Kenya's Virtual Assets Bill establishes a tailored legal system for virtual assets, moving away from adapting old regulatory models. The bill mandates licensing for virtual asset service providers (VASPs), sets capital and cybersecurity requirements, and ensures compliance with AML/CFT standards. The regulatory approach aims to boost consumer confidence and provider legitimacy, encouraging local fintech growth and job creation.

In South Africa, digital assets are classified as financial products, allowing for the licensing of crypto platforms and clear regulatory requirements. This has provided a stable environment for crypto businesses to operate and expand.

**Comparison**

| Country | Lobbying Impact | Current Regulatory Approach | |--------------|---------------------------------|-------------------------------------------------------------| | Kenya | Tax scrapped after industry push; new Virtual Assets Bill | Purpose-built legal system, mandatory licensing, AML/CFT, regional influence[1][2][4] | | South Africa | Industry engagement shapes regulation; regulatory clarity | Digital assets as financial products, licensing, stable payments ecosystem[2][3] |

Both countries are now positioned as regional leaders in fintech regulation, with Kenya’s approach especially influential in East Africa.

The VACC, for instance, advocates for a framework similar to the EU's MiCA regulations to ensure Kenya remains competitive in the digital asset market.
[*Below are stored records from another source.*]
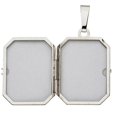 Achteckiges Medaillon für bis zu 2 Fotos aus 925 Sterlingsilber, rhodiniert und teileismatt, Höhe ca. 24 mm, Breite ca. 17,3 mm, Tiefe ca. 5 mm, Innenmaße der Öse ca. 6,4 mm x 2,4 mm, Gewicht ca. 2,9 g * Der Artikel ist anlaufgeschützt (rhodiniert) * Bitte beachten Sie die Maße! Auf dem Foto kann der Artikel größer wirken *(Colfem) Dieser Kettenanhänger wird einem lange Freude bereiten. Ohne großen Aufwand lässt er sich an der Lieblingskette tragen und gerne auch mal mit weiteren Anhängern kombinieren. Passende Ketten finden Sie in unserer Kategorie "Ketten & Anhänger", in welcher Sie dann auch Filtern bzw. gezielte Suchen durchführen können. Die Farbe Silber ist weltweit die beliebteste Schmuckfarbe. Die schlichte Eleganz macht silberfarbigen Schmuck zum modischen Allrounder. Silber passt immer! 925 Sterling Silber ist das Schmuckmaterial schlechthin. Unempfindlich, günstig und dennoch edel wird es auch in Zukunft die Pole-Position der beliebtesten Materialen für sich beanspruchen. Die Liebe ist so alt wie die Menschheit selbst. Und was könnte schöner sein als Schmuck, der zwei sich liebende Menschen verbindet? Mit Partnerschmuck bringt man das auf wunderschöne Weise zum Ausdruck.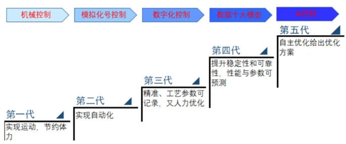 从设备控制角度分,锻压设备经历了三个发展阶段,目前正处于第四个阶段,也就是数据+大模型控制的第四代。第一代是机械控制,第二代是模拟信号控制,第三代是数控,未来应该进入第五代AI控制阶段,图示如下: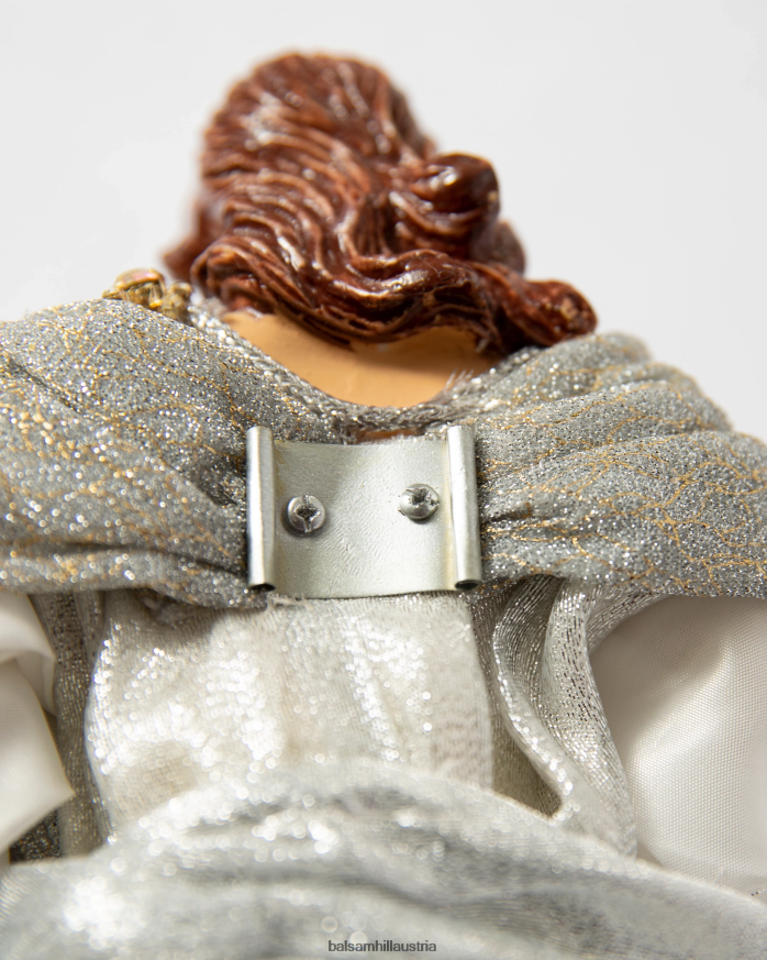- verfügt über silberne Flügel und einen Heiligenschein aus Metallblech

Meanwhile, VISA has opened applications for Cohort 4 of its Africa Fintech Accelerator Program with a deadline of March 25, 2025.
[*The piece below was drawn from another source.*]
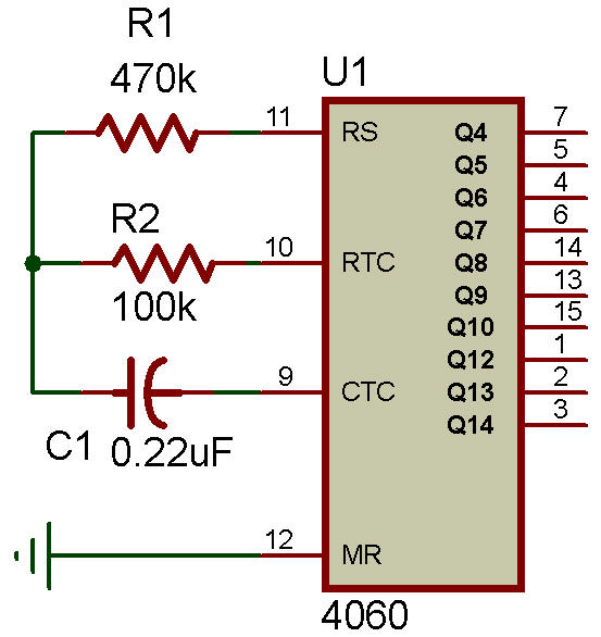 How To Use The CD4060 First of all, you need to connect the VDD (VSS) pin (16) to your positive supply terminal and the GND pin (8) and Reset (12)to your negative supply terminal. You can use a power supply voltage between 3V and 15V. Although, some versions of the 4060 chip support up to 20V. Check your datasheet for exact values. To activate the oscillator, connect a resistor from the R pin (10), a capacitor from the C pin (9), and a resistor from the CLK pin (11), and connect all three of them at the other end: |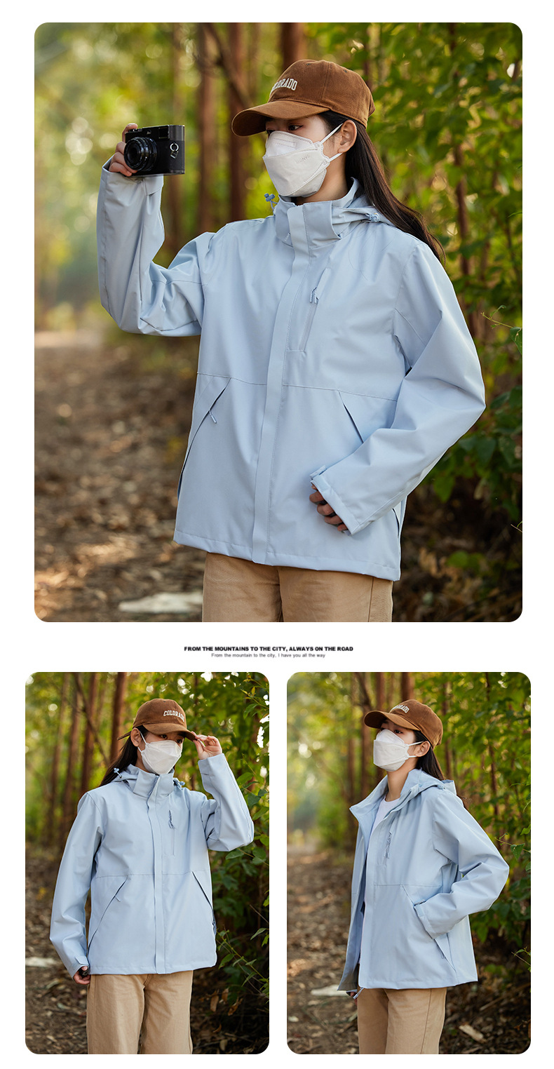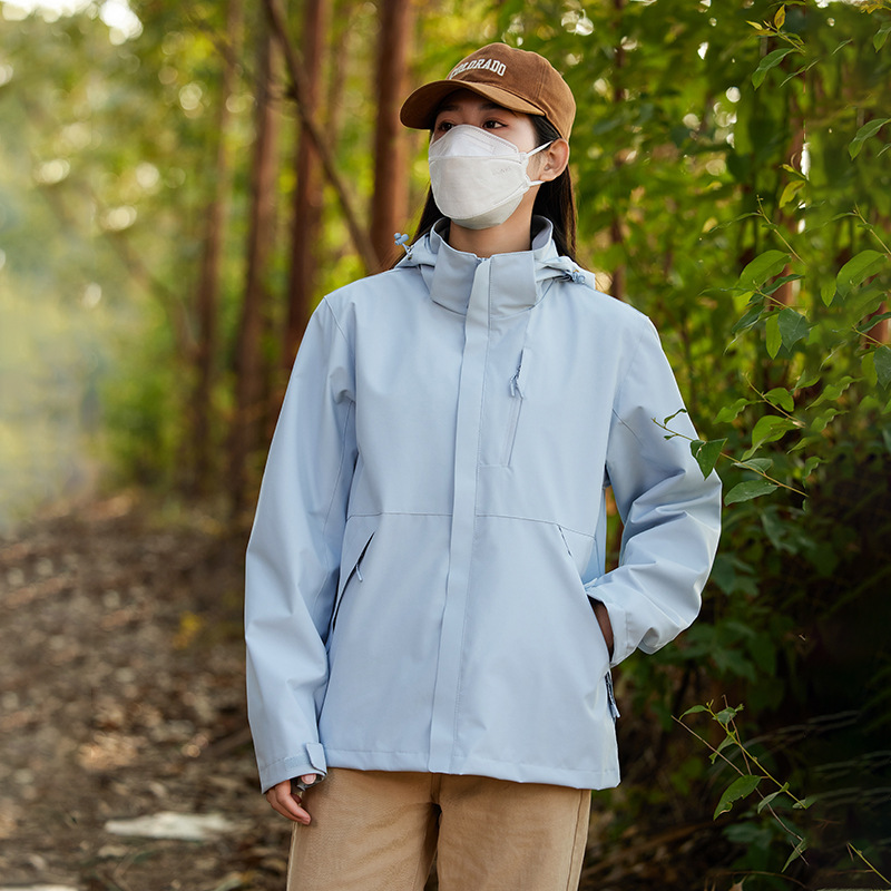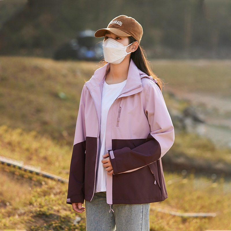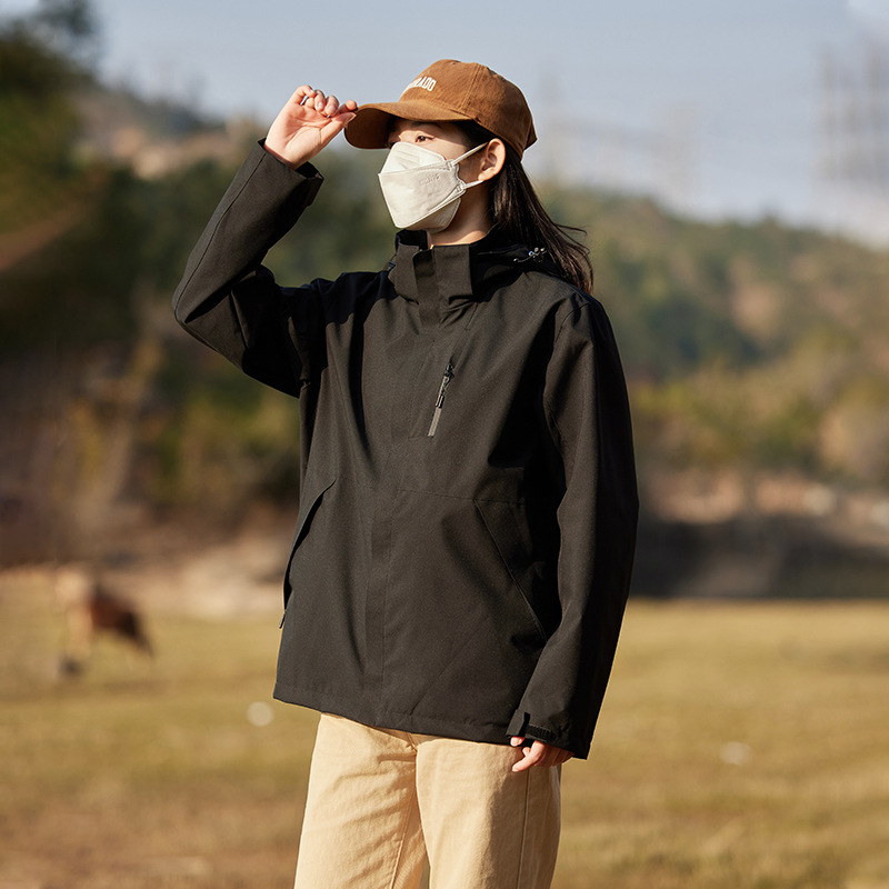 남성과 여성의 방풍 재킷 봄과 가을 유행 브랜드 느슨한 이동식 캡 툴링 재킷 야외 등산 세트

In Kenya, the Kenya's Virtual Assets Chamber of Commerce (VACC) has submitted a set of policy recommendations to Kenyan regulators, urging changes to the proposed digital asset tax (DAT) and advocating for a Kenyan stablecoin.

As the landscape of cryptocurrency regulation continues to evolve in Kenya and South Africa, both countries are poised to play significant roles in shaping the future of digital assets across Africa.

  1. The influence of cryptocurrency lobbying has resulted in advanced and ambitious cryptocurrency regulation in Kenya, with a new Virtual Assets Bill that introduces a purpose-built legal system for digital assets.
  2. The lobbying coalition in Kenya successfully lobbied for the elimination of a controversial digital asset tax, originally proposed in 2023.
  3. The virtual asset service providers (VASPs) in Kenya are now mandated to comply with anti-money laundering and counter-terrorism financing (AML/CFT) frameworks.
  4. In South Africa, digital assets are classified as financial products, enabling multiple platforms to be licensed and operate within a predictable regulatory framework.
  5. The regulatory clarity in South Africa has fostered a growing cryptocurrency payments ecosystem, with retail transactions averaging 2 million Rand monthly.
  6. The abolition of a digital asset tax in Kenya, advocacy for a Kenyan stablecoin, and push for changes in the proposed digital asset tax are notable policy recommendations made by the Kenya's Virtual Assets Chamber of Commerce (VACC).
  7. With its regional influence in East Africa and advocacy for regulations similar to the EU's MiCA, Kenya is positioning itself as a key player in shaping the digital asset market.
  8. The ongoing dynamics in the world of digital assets have positioned Kenya and South Africa as regional leaders in fintech regulation, with potential for significant roles in shaping the future of digital assets across Africa.
  9. The cryptocurrency lobbying efforts in both Kenya and South Africa have demonstrated the potential for innovation in web3, fintech, and finance, and serve as a model for crypto lobbying in other African nations like Nigeria, encouraging investment and business growth in technology.